Mirabegron, comercializado como Myrbetriq, está se tornando mais amplamente utilizado dependendo do histórico individual e dos fatores de risco.

Esta medicação trabalha para relaxar os músculos da bexiga, aumentando a quantidade de urina que a bexiga pode conter.

O aumento da capacidade da bexiga também aumenta a quantidade de urina expelida durante a micção. Isso reduz o número de visitas individuais ao banheiro durante o dia.

Mirabegron tem vários efeitos colaterais conhecidos, incluindo:

  • sintomas do resfriado comum
  • boca seca
  • infecção do trato urinário
  • retenção urinária
  • Prisão de ventre
  • aumento da pressão arterial
  • dor de cabeça ou dor nas costas
  • fadiga ou sonolência
  • aumento do risco de falhas, especialmente naqueles com mais de 65 anos

Tratamento adicional

Se a medicação não for eficaz, o tratamento adicional para a OAB inclui o uso de dispositivos para enviar sinais elétricos aos nervos, mudando a forma como eles funcionam.

Este tratamento é chamado de terapia de neuromodulação. É usado apenas em casos graves de OAB ou quando todas as outras opções de tratamento falharam.

Neuromodulação sacral

Um tipo específico de terapia de neuromodulação usada é chamado de neuromodulação sacral (SNS). Envolve duas cirurgias para implantar um marcapasso eletrônico.

Uma vez ativado, o marcapasso define a taxa de atividade do nervo sacral, que transmite sinais entre a medula espinhal e a bexiga.

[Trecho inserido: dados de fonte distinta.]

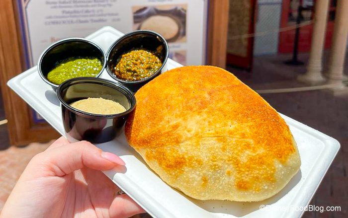 We also tried the Stone-Baked Moroccon Bread during our visit to the Food & Wine Festival. The bread was so light and fluffy — it doesn’t even NEED any dips. The hummus just tasted like regular store-bought hummus, and the Zhoug dip had a strong garlic taste, but we liked it. The chermoula dip had a strong olive taste, so if you don’t like olives, you might not like this dip.

Estudos descobriram que as terapias do SNS podem ser, em média, 20% mais eficazes que os tratamentos médicos padrão no tratamento de sintomas de bexiga hiperativa.

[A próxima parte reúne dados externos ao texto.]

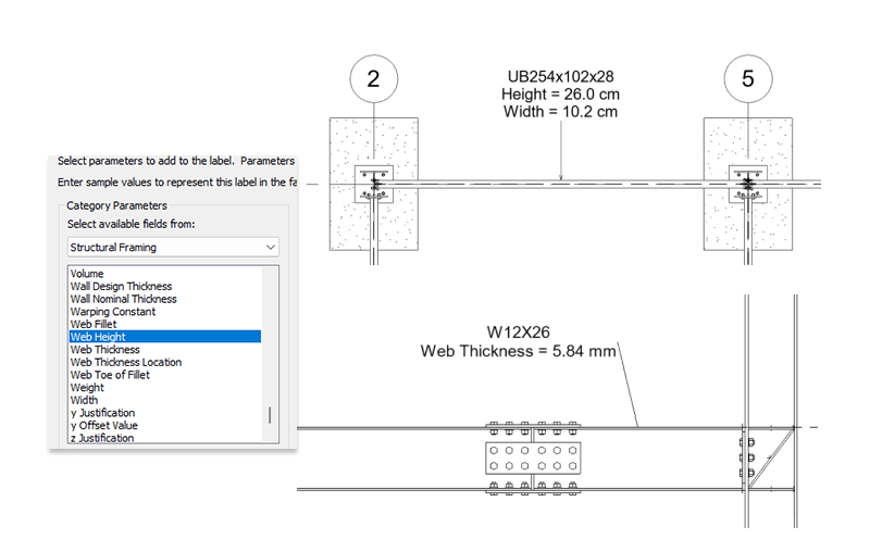 Use structural section shape parameters to customize your tag labels for structural framing.

Simulação percutânea do nervo tibial

Uma opção menos invasiva chamada estimulação percutânea do nervo tibial (PNTS) também está disponível. Leva apenas cerca de meia hora por sessão para executar e geralmente é feito em um consultório médico.

No PNTS, um eletrodo de agulha é inserido próximo ao tornozelo que fornece pulsos elétricos ao nervo tibial. Esse nervo está ligado diretamente ao nervo sacral.

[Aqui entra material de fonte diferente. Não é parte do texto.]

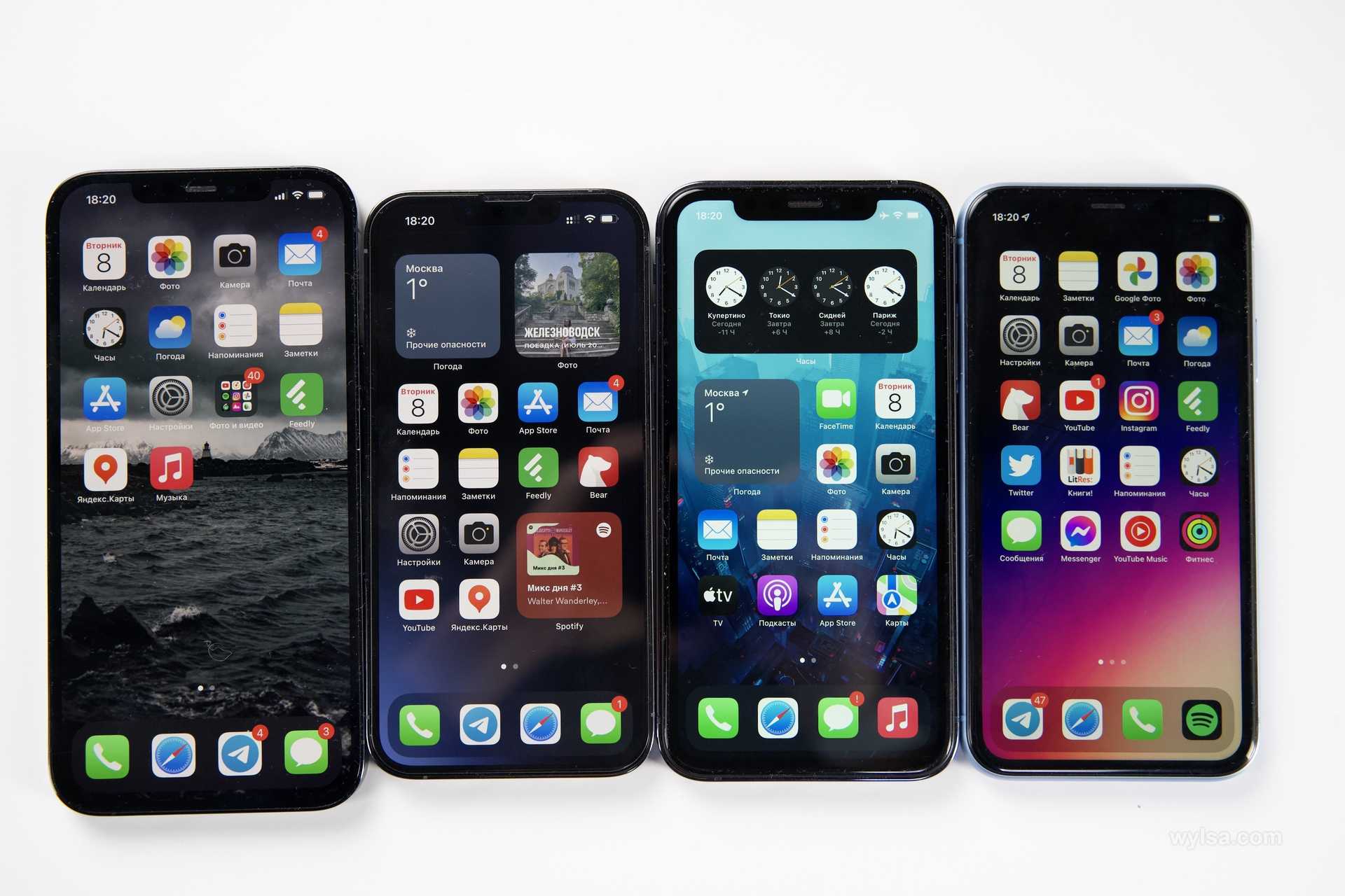 Слева направо: iPhone 12 Pro Max, iPhone 13 Pro, iPhone 13 Pro Plus, iPhone XR

Como no SNS, esses pulsos elétricos ajudam a bloquear a sinalização inadequada da bexiga.

Injeções

OAB também pode ser tratado com injeções de Botox. Botox pode ser injetado nos músculos da bexiga por um processo chamado cistoscopia. O Botox bloqueia os receptores e limita a atividade muscular da bexiga.

Para alguns com OAB, o Botox pode oferecer uma opção de tratamento mais conveniente. O efeito das injeções de Botox pode durar vários meses e as sessões de tratamento podem ser necessárias apenas uma ou duas vezes por ano.

Botox também pode ser usado em combinação com medicamentos antimuscarínicos e é considerado que tem menos efeitos colaterais do que muitos outros tratamentos.

Cirurgia

Cirurgião colocando luvas

Se outras opções de tratamento com OAB se mostrarem ineficazes ou inadequadas para certos indivíduos, a cirurgia pode ser realizada.

A maioria das cirurgias de OAB tem como objetivo reduzir os sintomas graves, aumentando a capacidade de armazenamento da bexiga e reduzindo a pressão global da bexiga.

Em casos extremos, a bexiga pode ser removida e substituída por uma versão cirurgicamente construída do órgão ou um saco externo para coletar a urina.

Remédios alternativos

Poucos tratamentos alternativos ou terapias complementares são recomendados para o tratamento com OAB.

A acupuntura e a eletroacupuntura demonstraram ajudar a melhorar os sintomas de urgência urinária, frequência e incontinência.

Alguns remédios à base de ervas também provaram ser potencialmente úteis na redução dos sintomas da OAB.